3. Premises and Temperature Control

• Premises suitable for intended storage (clean, secure, pest-free)
• Temperature mapping conducted and documented
• Temperature monitoring system in place with alarms
• Cold chain procedures for temperature-sensitive products
• Calibration records for temperature monitoring equipment
• Temperature excursion procedures documented and followed
• Regular review of temperature data and trends
• Warehouse segregation procedures for different product categories

4. Operations and Supply Chain

• Standard Operating Procedures (SOPs) for all key processes
• Goods receipt procedure with identity and quantity checks
• FIFO (First In, First Out) rotation implemented
• Returns handling procedure in place and followed
• Recall procedure documented and tested
• Supplier qualification and approval process in place
• Purchasing procedures ensure products are from approved sources
• Transportation temperature control procedures for distribution

5. Deviations, Complaints, and CAPA

• Deviation procedure documented with clear classification (critical, major, minor)
• All deviations documented, investigated, and closed within agreed timelines
• Root cause analysis conducted for all deviations
• CAPA process linked to deviations with effectiveness checks
• Complaints procedure in place and followed
• Complaint investigations documented with outcomes
• Periodic trend analysis of deviations and complaints

6. Self-Inspection Programme

• Annual self-inspection schedule documented
• Self-inspection procedure in place
• Trained auditors (internal or external) conduct audits
• Self-inspection reports document findings and corrective actions
• Follow-up on corrective actions verified and closed
• Self-inspection records retained as per retention requirements

Common MHRA Inspection Findings

Understanding common findings helps you focus on high-risk areas.
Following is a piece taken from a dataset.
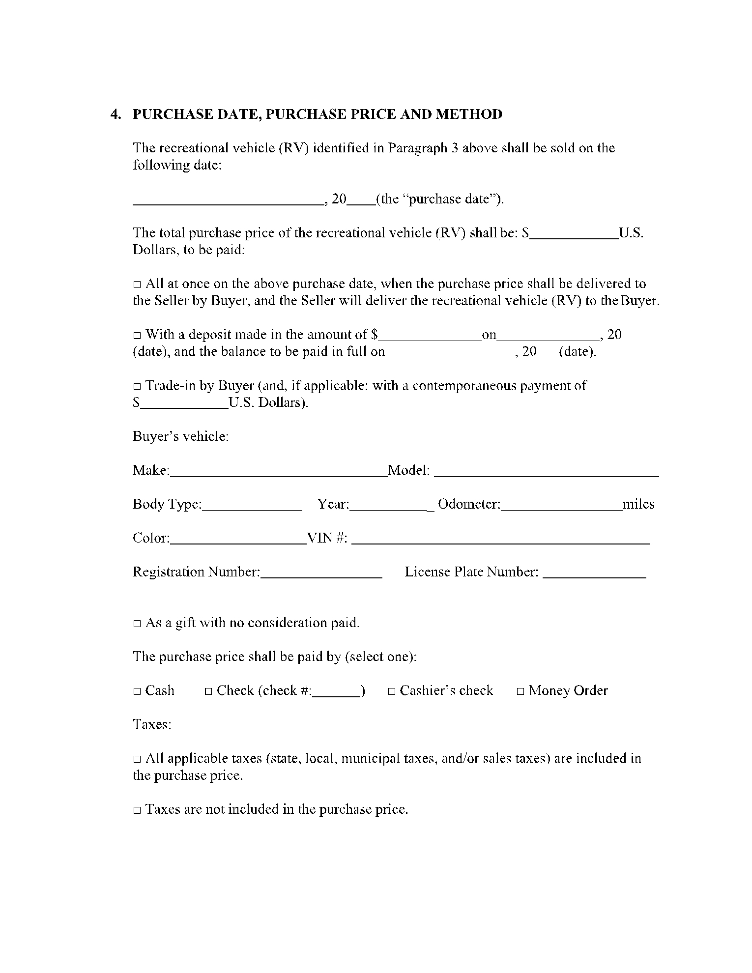Recreational Vehicle RV Bill Of Sale Forms Word PDF

The most frequent issues include:

• Inadequate temperature monitoring and excursion handling
• Out-of-date or uncontrolled documentation
• Incomplete training records or lack of competency assessments
• Failure to investigate deviations within required timelines
• Weak supplier qualification and ongoing monitoring
• Missing or inadequate quality agreements
• Incomplete batch traceability records

How to Prepare for Your Audit

1. 1
   Conduct a pre-audit gap analysis

   Use this checklist to identify weaknesses before the auditor does.

2. 2
   Assign preparation responsibilities

   Designate team leads for each area to gather documentation.

3. 3
   Organise documentation

   Ensure records are retrievable within 24 hours as required.

4. 4
   Run a mock inspection

   Practice the audit process to build team confidence.

5. 5
   Prepare corrective actions

   Address known gaps before the audit begins.